Arriba, la recordada escena del orgasmo en el restaurante en Cuando Harry encontró a Sally.
La crítica se rindió, la taquilla la arropó y la Academia la nominó a mejor guión. Nora repitió la fórmula ganadora en Tienes un e-mail (1998). Juntó de nuevo a Tom y a Meg, cambió Tú y yo por El bazar de las sorpresas de Ernst Lubitsch y volvió a funcionar. Con 250 millones recaudados, se convirtió en su película más taquillera.
El público y la crítica se habían encandilado con su redefinición de las comedias románticas y eso es lo que demandaban. Historias de adultos cuyas únicas ocupaciones parecen ser “sus amores”, cenan en restaurantes de moda, tienen amigos que siempre contestan al teléfono y pasean por un Nueva York perennemente otoñal mientras mantienen conversaciones ingeniosas porque “las palabras son el sexo de la comedia romántica”.
La comida era uno de los pilares de su vida –la homenajeó en su última película, Julie and Julia (2009), por la que Meryl Streep consiguió su enésima nominación al Oscar– junto a Nueva York. De hecho hay tours que ofrecen la posibilidad de recorrer el Nueva York de Ephron. Por supuesto, incluyen la visita a Katz’s, donde un cartel colgante señala orgulloso la mesa del falso orgasmo en Cuando Harry encontró a Sally, el Cafe Lalo, donde Hanks descubre que la lenguaraz propietaria de la pequeña librería del barrio es la mujer de la que se ha enamorado vía correo electrónico en Tienes un e-mail y, por supuesto, el mirador del Empire State Building en el que los protagonistas de Algo para recordar se encuentran por primera vez mientras Jimmy Durante canta Make Someone Happy y el espectador siente que no haberse enamorado así jamás es haber tirado toda la vida por la borda.

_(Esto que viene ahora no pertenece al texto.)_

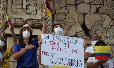 Personas originarias de Colombia que residen en Yucatán se manifestaron en el Monumento a la Patria. Mérida, Yucatán, 5 de mayo de 2021.- Decenas de personas...

La única vez que Ephron no sintió la necesidad de hacer de su vida un relato fue cuando le diagnosticaron leucemia mieloide aguda. Sólo lo supieron su esposo, sus dos hijos y apenas media docena de amigos cercanos. Esto escribió su hijo Jacob tras su muerte: “No se puede convertir una enfermedad mortal en una broma. Es casi la única revelación que te convierte en la víctima y no en el héroe de tu historia. Para ella, la tragedia era un pozo de clichés. Así que se quedó callada, aunque se esparcieron pistas por gran parte de lo que escribió durante los seis años que estuvo enferma”.
Seis años en los que dirigió una película, escribió dos libros y una obra teatral que no llegó a ver estrenada. El trabajo fue el principal motivo por el que no reveló su enfermedad. Temía no poder volver a dirigir porque ningún seguro quisiese cubrirla. También temía que su enfermedad focalizase la conversación. Para una mujer cuya mayor pesadilla estar aburrida en una gran mesa mientras escucha risas en el otro extremo resultaba impensable ser la causante de que las carcajadas se apagaran.
La enfermedad tampoco mermó su actividad social. Cuando una neófita Lena Dunham, mucho antes de ser la voz de una generación, estrenó su primera película, recibió un correo de Ephron felicitándola e invitándola a comer. Apenas le quedaba un año de vida, pero quiso arropar a una joven con talento porque sabía lo que era crecer en una profesión en la que escasean los referentes. Cuando falleció, Lena le dedicó un sentido homenaje en el que le agradeció consejos tan variados cómo de qué tipo debe ser la chaqueta adecuada para rodar en exteriores o quién el mejor otorrino de Nueva York.
La lista de cosas que nos enseñó a todos los demás es infinita, pero como la de los Mandamientos, puede resumirse en dos. Uno es: “Cuando te das cuenta que quieres pasar el resto de tu vida con alguien, deseas que el resto de tu vida empiece lo antes posible”. Otro: “Puedes pedir más de un postre”. Y también que sólo hay una respuesta a la pregunta con la que comenzaba este artículo. ¿Cómo lo habría manejado Nora? La respuesta es: mejor.